Refining the buddhabrot renderer, I’ve added vectorisation to iterate two points at once, which gives (at least) twice the performance. Huzzah.
To begin with, I lifted code from one of the later revisions of Jeremy’s Mandelbrot renderer. This was written for single precision float, whereas I’ve been working in double precision for this buddhabrot code. Worth noting on the change from single to double precision –
- Double precision numbers behave differently to single precision on the SPU (see section 9 of the SPU ISA doc) – I was bitten by infs and NaNs.
- When browsing that document, I missed the large “Optional v1.2” for instructions like dfcgt. To be clear, the Cell BE SPU does not support this instruction.
- GCC does include vec_ullong2 spu_cmpgt(vec_double2, vec_double2), but in the absence of dfcgt it takes forty extra instructions to achieve the same result (yeah, that’s what I get for using general intrinsics)

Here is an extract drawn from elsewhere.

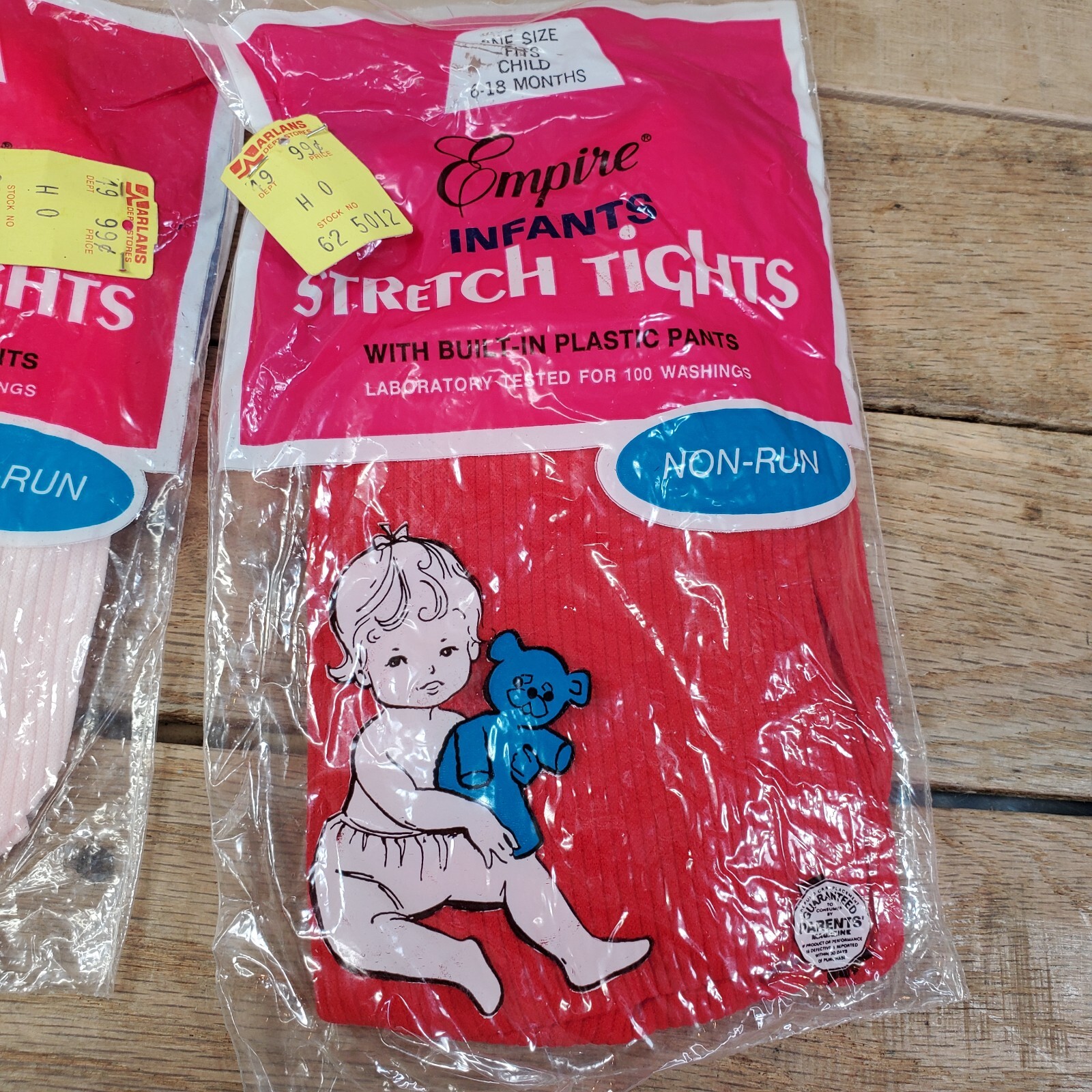 VTG 1970 Empire Shield Baby Infant Stretch Tights Red Pink New NOS

When starting to use double precision, I was expecting much lower performance than single precision on the SPU, but I had not fully understood how much lower – from the Programming Handbook, page 71:
Although double-precision instructions have 13-clock-cycle latencies, on the Cell/B.E. processor, only the final seven cycles are pipelined. No other instructions are dual-issued with double-precision instructions, and no instructions of any kind are issued for six cycles after a double-precision instruction is issued.
Ouch. I knew this, but I didn’t know it – a run of spu_timing on the generated assembly really rammed it home.
0 0123456789012 dfs $75,$45,$44
0 ------7890123456789 dfma $46,$59,$47
0 ------4567890123456 dfa $43,$45,$44
0 ------1234567890123 dfa $42,$80,$75
0 ------8901234567890 dfm $32,$46,$46
0 ------5678901234567 frds $40,$43
0 01234 ------23456789 dfm $33,$42,$42
0 012345678901 ------9 dfm $36,$42,$81
(Oh, and I’ve noticed again that dfma and friends use RT as an operand, which presumably makes register scheduling even more fun. The above fragment is from a heavily unrolled inner loop.)
At some point, I’ll try to measure the practical difference between double and single precision for this program, to see what (if anything) would be lost by switching over to single precision. Or perhaps there’s some other way around the problem – I’ve been considering fixed point or even multi-single precision fp alternatives.